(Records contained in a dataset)
################

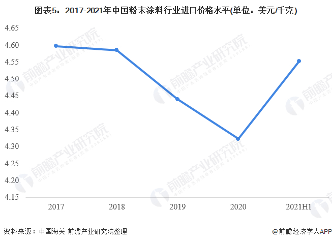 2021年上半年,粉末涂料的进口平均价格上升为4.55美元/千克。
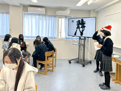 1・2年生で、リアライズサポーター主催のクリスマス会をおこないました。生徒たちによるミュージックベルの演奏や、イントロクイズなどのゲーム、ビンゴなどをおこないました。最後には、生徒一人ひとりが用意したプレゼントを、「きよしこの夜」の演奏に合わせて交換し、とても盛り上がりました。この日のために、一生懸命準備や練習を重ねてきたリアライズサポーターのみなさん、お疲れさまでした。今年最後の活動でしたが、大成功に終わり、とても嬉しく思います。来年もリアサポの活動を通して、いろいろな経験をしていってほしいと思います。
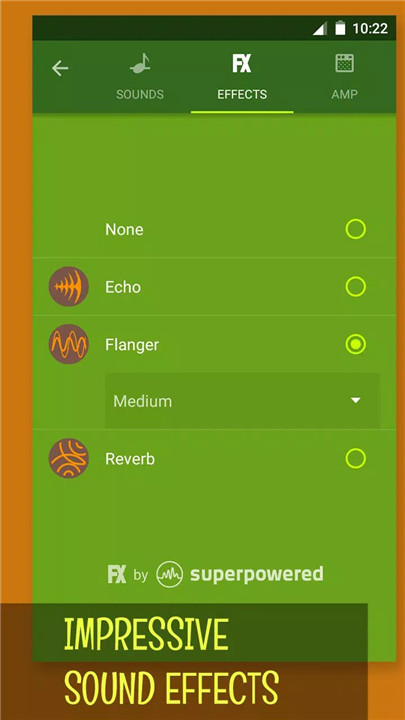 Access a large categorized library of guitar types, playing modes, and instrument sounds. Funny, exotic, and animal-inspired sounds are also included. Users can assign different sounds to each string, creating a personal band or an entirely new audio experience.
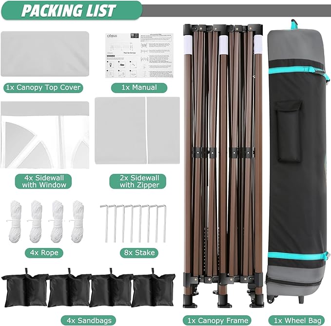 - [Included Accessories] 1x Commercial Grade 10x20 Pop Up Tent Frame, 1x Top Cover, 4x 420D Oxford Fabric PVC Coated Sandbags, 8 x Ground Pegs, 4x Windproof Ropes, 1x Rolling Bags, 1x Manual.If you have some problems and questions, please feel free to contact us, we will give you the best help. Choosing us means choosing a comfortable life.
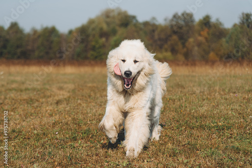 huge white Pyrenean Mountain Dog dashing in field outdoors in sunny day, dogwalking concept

################

● TRY IT
In the data above, please extract the lines from the first one through the line with "Access a large", exactly, and keep pictures out.

● YOUR SOLUTION
 2021年上半年,粉末涂料的进口平均价格上升为4.55美元/千克。
 1・2年生で、リアライズサポーター主催のクリスマス会をおこないました。生徒たちによるミュージックベルの演奏や、イントロクイズなどのゲーム、ビンゴなどをおこないました。最後には、生徒一人ひとりが用意したプレゼントを、「きよしこの夜」の演奏に合わせて交換し、とても盛り上がりました。この日のために、一生懸命準備や練習を重ねてきたリアライズサポーターのみなさん、お疲れさまでした。今年最後の活動でしたが、大成功に終わり、とても嬉しく思います。来年もリアサポの活動を通して、いろいろな経験をしていってほしいと思います。
 Access a large categorized library of guitar types, playing modes, and instrument sounds. Funny, exotic, and animal-inspired sounds are also included. Users can assign different sounds to each string, creating a personal band or an entirely new audio experience.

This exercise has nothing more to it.